Поразительное предприятие, если подумать, с какой нищетой поэту приходилось бороться.
Вернувшись к гражданской жизни, Реверди вновь оказался в своём временном жилище на самом верху Монмартра в странном саду в серых тонах. Дом № 12 по улице Корто, ветхое строение, столь же знаменитое, как Бато-Лавуар. Другие жильцы? Сюзанна Валадон и Утрилло, Альмерейда и несколько анархистов, которые, несмотря на то что всю жизнь заявляли о своем отказе носить оружие, позволили себя мобилизовать. Дело приняло удивительный оборот, когда один из них, гравер Морис Делькур, проявил героизм и умер кавалером ордена Почетного легиона, к отчаянию толстухи Ненетты, его подружки, которая ничего не могла понять в этой трагической перемене.
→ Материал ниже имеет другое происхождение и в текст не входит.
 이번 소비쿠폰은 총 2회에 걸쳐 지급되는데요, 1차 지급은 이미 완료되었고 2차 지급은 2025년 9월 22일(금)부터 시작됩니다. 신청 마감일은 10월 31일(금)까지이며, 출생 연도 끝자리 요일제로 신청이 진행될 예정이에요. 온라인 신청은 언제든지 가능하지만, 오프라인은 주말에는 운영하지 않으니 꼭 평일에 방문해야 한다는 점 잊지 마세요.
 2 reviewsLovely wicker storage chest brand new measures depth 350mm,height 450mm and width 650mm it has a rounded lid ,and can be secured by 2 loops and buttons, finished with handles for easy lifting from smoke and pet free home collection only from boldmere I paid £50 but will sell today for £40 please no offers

Из своей комнаты Реверди слышал, как она кричала: «Зачем его туда понесло, моего мужика?» На войне погиб тот, для кого все солдаты всегда были убийцами свободы. Ненетту старались утешить.
В доме стало много пустых квартир, но консьерж по-прежнему был на месте.
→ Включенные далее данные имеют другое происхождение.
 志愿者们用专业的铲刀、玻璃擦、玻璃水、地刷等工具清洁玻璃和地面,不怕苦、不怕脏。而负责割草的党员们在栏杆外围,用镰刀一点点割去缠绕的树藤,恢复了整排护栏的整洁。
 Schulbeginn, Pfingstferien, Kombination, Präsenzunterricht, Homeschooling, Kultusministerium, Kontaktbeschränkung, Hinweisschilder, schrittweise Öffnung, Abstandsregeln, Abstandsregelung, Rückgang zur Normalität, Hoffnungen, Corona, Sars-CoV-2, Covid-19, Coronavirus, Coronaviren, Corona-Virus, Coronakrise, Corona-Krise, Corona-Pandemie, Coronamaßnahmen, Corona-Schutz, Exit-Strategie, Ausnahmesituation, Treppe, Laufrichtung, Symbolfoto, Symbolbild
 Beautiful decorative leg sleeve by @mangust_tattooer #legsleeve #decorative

Реверди без всякого удовольствия вновь встретился с этим грозным стражем, чьи сыновья, «настоящие бандиты», сеяли в квартале ужас. Поэта вновь ждали холод, туманы, ужасающая нищета ателье, тихие улицы, все, что он любил на Монмартре и что ненавидел. Разухабистая, косматая, вечно предъявляющая требования богема, кутежи, аккордеон — все это внушало ему такое отвращение, что он усвоил совершенно иной стиль. Подобно Дерену, одевавшемуся «с английским шиком», подобно Браку, носившему котелок и старавшемуся походить на букмекера, Реверди, чьи фантазии в области одежды ограничивались маленькой каскеткой, наподобие тех, что носят помощники конюхов, обозначил свое презрение к художественному беспорядку коротко стриженными волосами, тщательно завязанным галстуком и двубортным пиджаком, с которым никогда не расставался. Кстати, именно таким он изображен на рисунках, сделанных в 1918 и 1921 годах Хуаном Грисом и Пикассо.
Любитель предрассветных прогулок, он вновь обрел Холм, его крутые склоны, его лестницы, словно подвешенные к небу. Он медленно поднимался по ним на заре, в тот час, когда фиакры развозили последних гуляк, а тележки, нагруженные овощами, тянулись вверх с Центрального рынка. Приходилось снова браться за работу, которой он занимался до войны и которая одна только приносила ему заработок. Он был типографским корректором, работая в газетах, выходящих по утрам и делающихся ночью, устраиваясь то в одно, то в другое место, в маленькие мастерские, прятавшиеся в глубине темных дворов. Так продолжалось до 1921 года, когда по необходимости он согласился на постоянную работу в «Энтрансижан». И наконец, жена. Ее он тоже обрел заново. Она ждала его, терпеливо и преданно, в их ледяном жилище. Потому что дело обстояло так: они жили вдвоем на то, что он зарабатывал, вдвоем обогревались, вдвоем одевались. Он был вынужден сам выпускать свои книги, начиная с текста, который он печатал, отдаваясь этой работе с маниакальной тщательностью внука ремесленника, и кончая брошюровкой, которой занималась жена в качестве опытной портнихи, и случалось чудо, когда у одной из этих книжиц, отпечатанных в ста экземплярах, находилось больше тридцати читателей.